22 March 2026, 10:02

Riesige Seen statt Braunkohle: Wie Rheinwasser die Tagebaue bei Köln flutet

Ein detailliertes altes Kartenbild des Rheins in Deutschland, das Flüsse, Städte und geografische Merkmale zeigt, mit Text oben und unten auf dem Papier.

Riesige Seen statt Braunkohle: Wie Rheinwasser die Tagebaue bei Köln flutet

Ein 45 Kilometer langer Pipeline soll bald Rheinwasser in ehemalige Braunkohletagebaue bei Köln leiten und sie in riesige Seen verwandeln. Das von dem Energiekonzern RWE geleitete Projekt sieht vor, die Gruben Hambach, Garzweiler und Inden im kommenden Jahrzehnt zu fluten. Doch es gibt weiterhin Bedenken hinsichtlich der Wasserqualität, der Genehmigungen und der langfristigen Auswirkungen auf die regionalen Wasservorräte.

Kritiker werfen dem Vorhaben mangelnde Transparenz vor, während Microsofts neues Rechenzentrum in der Region den Druck auf die ohnehin schon knappen Wasserressourcen weiter erhöht.

Die erste Phase beginnt 2030, wenn Rheinwasser damit beginnt, den Tagebau Hambach zu füllen. Garzweiler folgt 2036, Inden soll im selben Jahr geflutet werden. Eine gewaltige Pipeline – mit Abschnitten von bis zu 2,2 Metern Durchmesser – wird sich über 45 Kilometer erstrecken, um das Wasser heranzuführen.

Die Flutung der Gruben wird 40 Jahre dauern, und selbst dann werden die Seen noch Jahrzehnte lang weiteren Rheinwasser-Zufluss benötigen, um stabil zu bleiben. RWE-Vorstandsmitglied Lars Kulik bezeichnet das Projekt als Symbol für "Verlässlichkeit und zukünftige Chancen" und verweist auf Pläne zur Schaffung neuer Seen und zum Schutz von Feuchtgebieten. Doch die Genehmigung zur Einleitung von Wasser in Hambach steht noch aus; die Bezirksregierung Arnsberg will das Zulassungsverfahren im Herbst dieses Jahres einleiten.

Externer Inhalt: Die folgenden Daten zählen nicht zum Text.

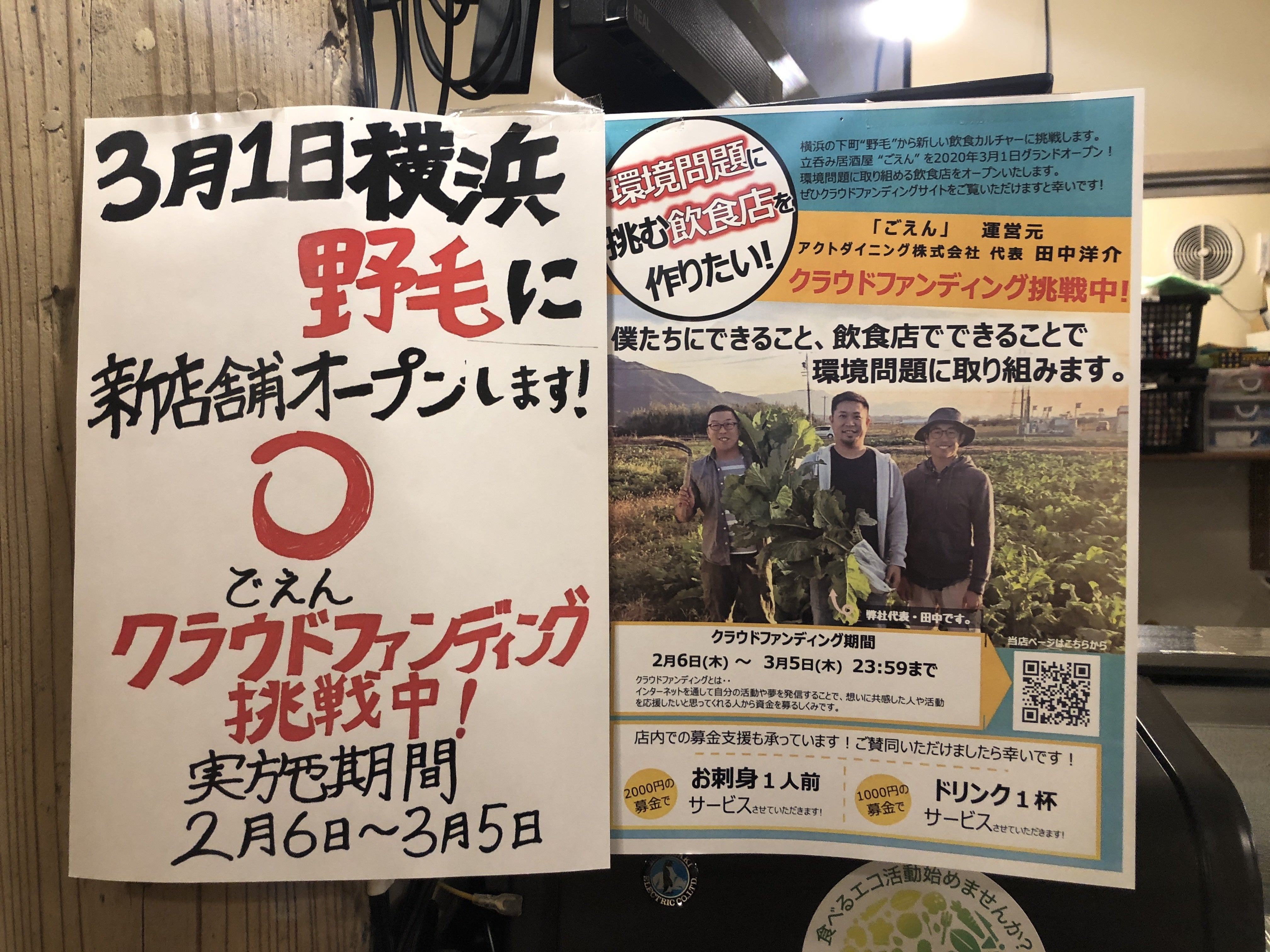 2020/03/04 18:00投稿が数日空いてしまいましたが、その間に支援者数が50人を超えました!!皆さん一人一人のご支援が本当に本当に嬉しいです!みなさん、本当にありがとうございます!=======================立呑居酒屋“ごえん”グランドオープン!=======================3月1日、立呑居酒屋“ごえん”をグランドオープンすることができました!当日はたくさんのお客さんに来て頂き、祝い花もたくさん届きました。皆さんありがとうございます!アクトダイニング6店舗目のお店となりました。10坪という小さなお店ではありますが、ここで環境問題に取り組む店舗作りに新たに挑戦していきます。食材、内装、器、洗剤などさまざまな観点から環境問題に繋がるものを選んでいくように心がけています。値段で選んでいた今までから、一つ選択肢を増やして考えていくことの大切さを感じています。バナナペーパーで作られたショップカード新鮮なお魚や野菜を用意してお待ちしておりますので、ぜひ、皆さん店舗に遊びにきてくださいね!ドリンクも各種ご用意してます!そして、このプロジェクトも明日で終了です。泣いても笑っても残り30時間。僕たちの力だけでは全ての人に届けられないので、皆さんのお力をお借りできると嬉しいです。本プロジェクトの存在を、身近な人への連絡の際に添えていただいたり、SNSで拡散していただいたりしていただけると、とっても嬉しいです!それでは最後まで引き続きよろしくお願いします!!! もっと見る【残り6日間】“ごえん”のコアコンセプトについて

Umweltverbände wie der BUND und "Alle Dörfer bleiben" stellen die Sauberkeit des Wassers infrage. Sie warnen vor möglichen Verunreinigungen durch die industrielle Vergangenheit der Tagebaue. Der scharfe Kritiker Andreas Büttgen bezeichnet RWE-Strategie als "Premium-Ansatz", der es dem Konzern ermöglichen könnte, sich bei auftretenden Problemen zurückzuziehen. Er fordert strengere Wasseranalysen, öffentliche Kontrolle und wissenschaftliche Untersuchungen, bevor Umleitungen beginnen.

Unterdessen hat Microsofts neues Hyperscale-Rechenzentrum in der Region zusätzliche Sorgen ausgelöst. Die Anlage wird enorme Mengen Wasser zur Kühlung benötigen und damit die Ängste vor Knappheit verstärken. Elsdorfs Bürgermeister Andreas Heller bleibt dennoch zuversichtlich und prognostiziert, dass der künftige "Elsdorfer See" neue Aufmerksamkeit – und Besucher – in seine Stadt bringen werde.

Die Baugenehmigung für die Pipeline wurde im Januar 2026 erteilt, doch entscheidende Einleitungsgenehmigungen stehen noch aus. Falls das Projekt voranschreitet, könnte das erste Rheinwasser 2030 in Hambach fließen. Der langfristige Erfolg hängt davon ab, industrielle Anforderungen, Umweltrisiken und die regionale Wasserversorgung in Einklang zu bringen.